Around 60 people attended a meeting Nov. 1 to discuss the future of the French school in Cape St. George, a small town located on the tip of the Port au Port peninsula.

Newfoundland and Labrador’s French school board is considering how to best deal with costly repairs at the francophone school in Cape St. George, and one of the options is a move to the English school across the street.

There is a lack of space at Notre-Dame-du-Cap — which has 37 students from kindergarten to grade 8 — and the floor of the gymnasium needs to be repaired.  

The addition of a portable classroom, which the school has requested, and repairs to the gym are expected to cost over $500,000.  

So, the board brought forward an option which had been discussed in the past — moving the students to the English school, Our Lady of the Cape, which is directly across the street.  

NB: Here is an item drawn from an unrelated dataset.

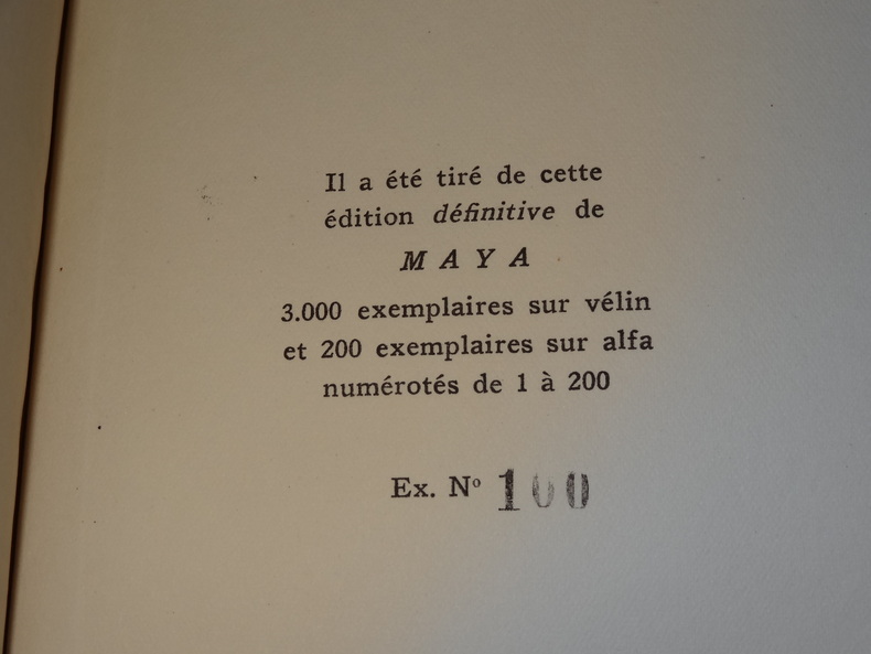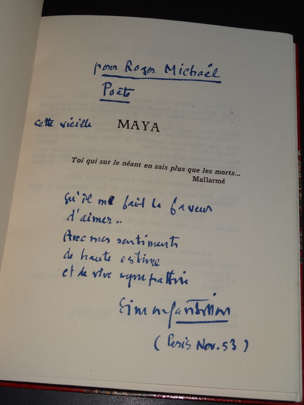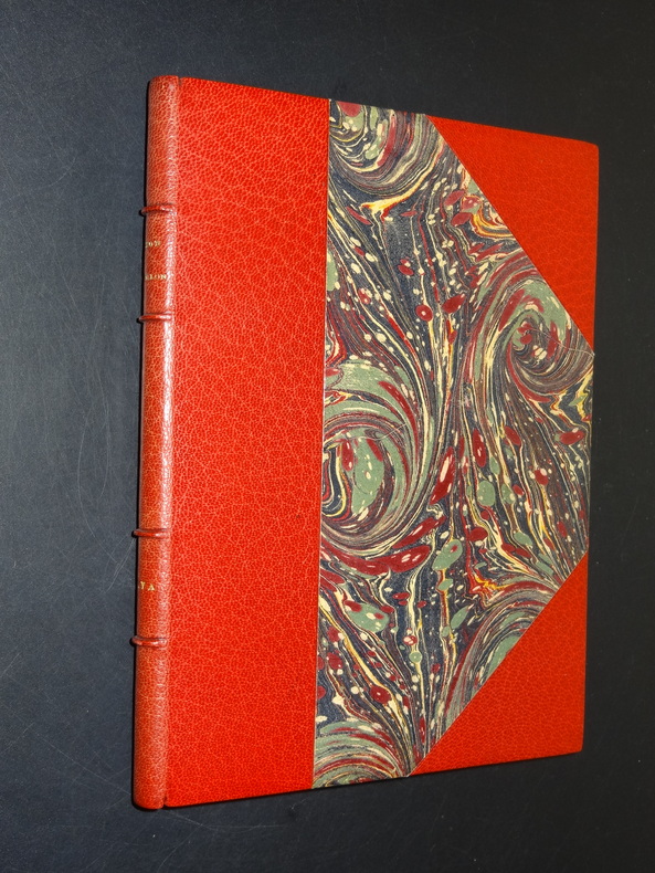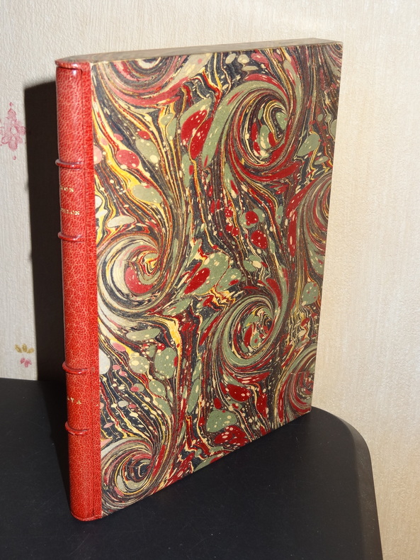 Audin éditeur, édition définitive, tirage à 3200 exemplaires numérotés, ici l'un des 200 sur alfa (n°100), 1 volume de format 19 x 14,5 cm, reliure demi maroquin à coins, tête dorée, couverture et dos conservés, étui carton gansé, 130 pages, envoi manuscrit de l'Auteur au poète Roger Michaël, très bon état.

Our Lady of the Cape School

Our Lady of the Cape school has 52 students from kindergarten to grade 8. (Facebook)

“It’s not an option that has been agreed upon, it’s just an idea,” said Kim Christianson, director of education with the Conseil scolaire francophone provincial de Terre-Neuve-et-Labrador.

The board met with the school council, staff and parents of both schools on Nov. 1, and Christianson said there was a mix of emotions and suggestions about how the board should proceed.  

Don’t want to lose identity

Christianson said while it would be cheaper to operate one building, there are concerns about how a move would impact students. 

“Not everybody speaks French, so when the children or staff meet with anglophone students or staff, the conversation starts in English … so that is the biggest concern I believe,” she told CBC Radio’s West Coast Morning.

Other suggestions at the Nov. 1 meeting ranged from sharing the gymnasium only at Our Lady of the Cape to trying to get financing for a brand new French school. 

There will be another meeting of the French board on Nov. 18 to discuss the possibilities, and Christianson said if combining schools is the preferred option, it could happen in time for the start of classes in Sept. 2018.